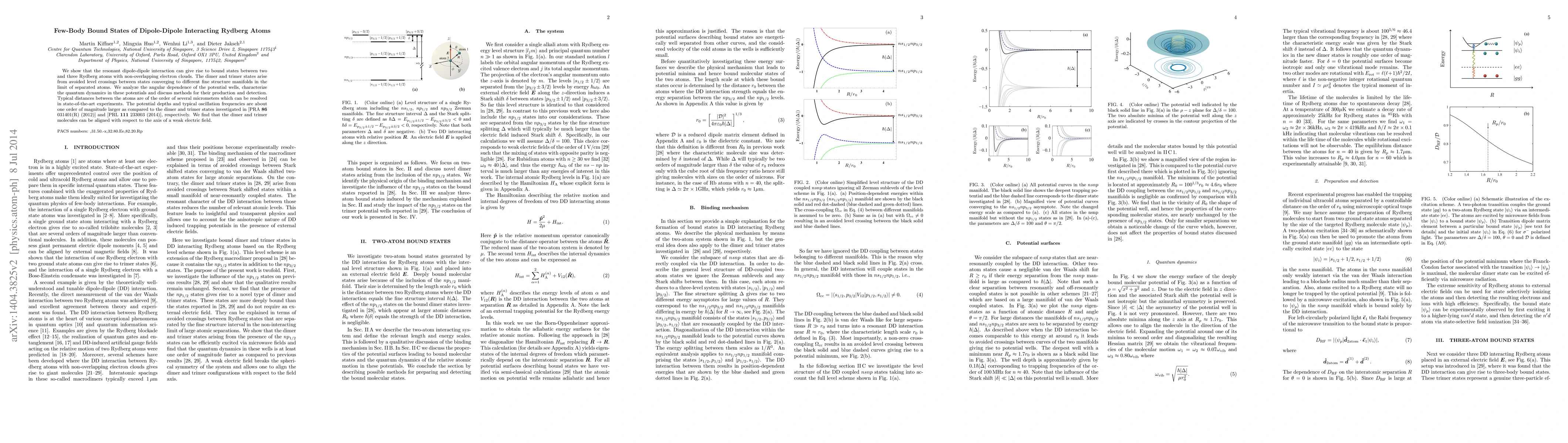 This paper investigates the formation of bound states between two and three Rydberg atoms due to resonant dipole-dipole interactions, analyzing their potential wells and dynamics. The study finds that these dimer and trimer states exhibit significantly larger potential depths and oscillation frequencies compared to previous investigations.
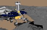 This image taken by the panoramic camera on the Mars Exploration Rover Spirit highlights the first patch of soil examined by the rover's microscopic imager. The imager is located on the rover's instrument deployment device, or "arm." The rover can be seen to the right. Engineers first deployed the arm early Friday morning, Jan. 16, 2004.
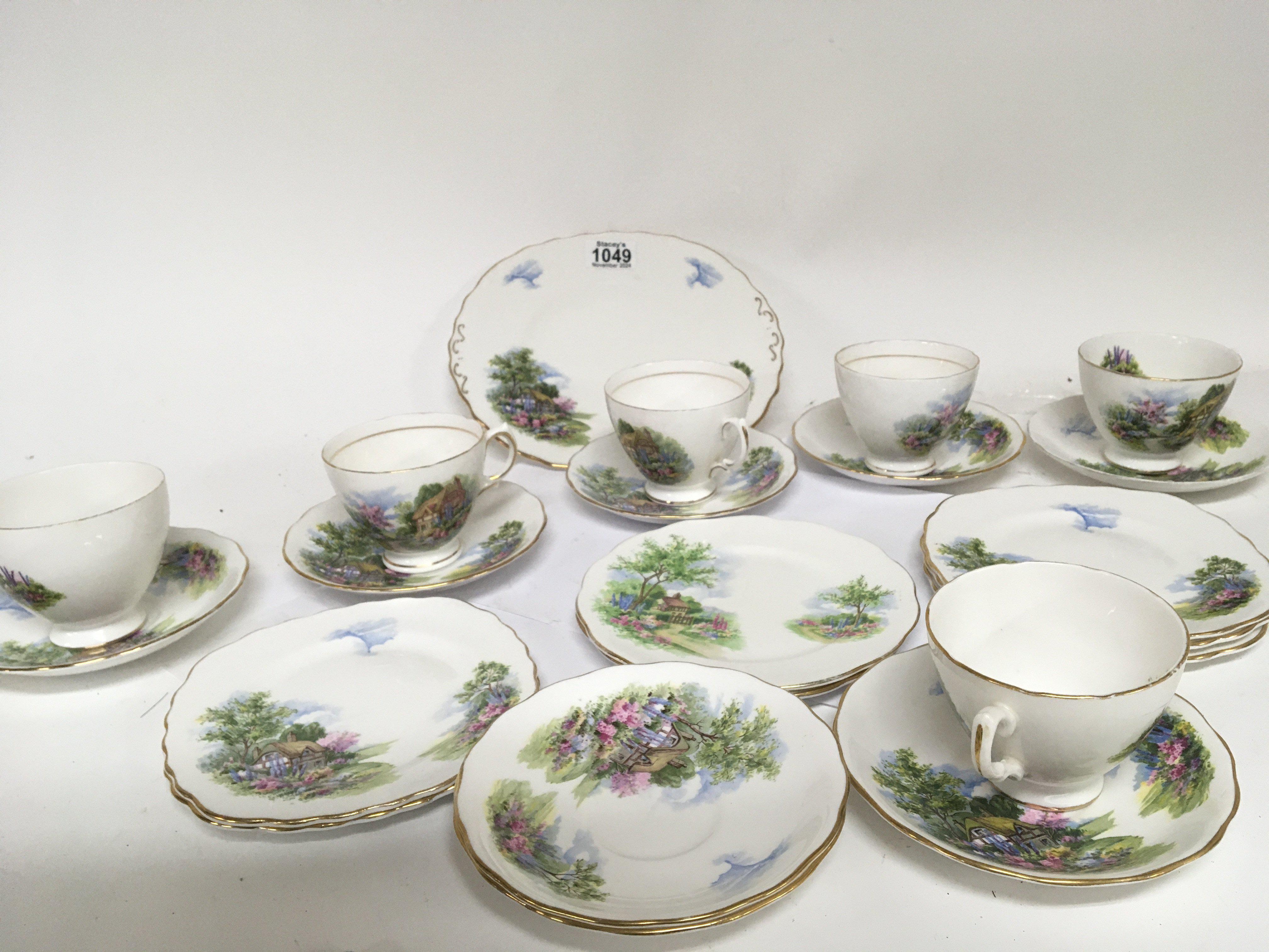 An English bone china tea set decorated with country cottages Royal Vale six place setting with serving plate no obvious damage. NO RESERVE

> [INSTRUCTIONS TO FOLLOW] Only the lines from the one containing "This image taken" through the last line of the data may appear in the answer, each given again exactly and with pictures left out.

> [COMPLETED TASK]
 This image taken by the panoramic camera on the Mars Exploration Rover Spirit highlights the first patch of soil examined by the rover's microscopic imager. The imager is located on the rover's instrument deployment device, or "arm." The rover can be seen to the right. Engineers first deployed the arm early Friday morning, Jan. 16, 2004.
 An English bone china tea set decorated with country cottages Royal Vale six place setting with serving plate no obvious damage. NO RESERVE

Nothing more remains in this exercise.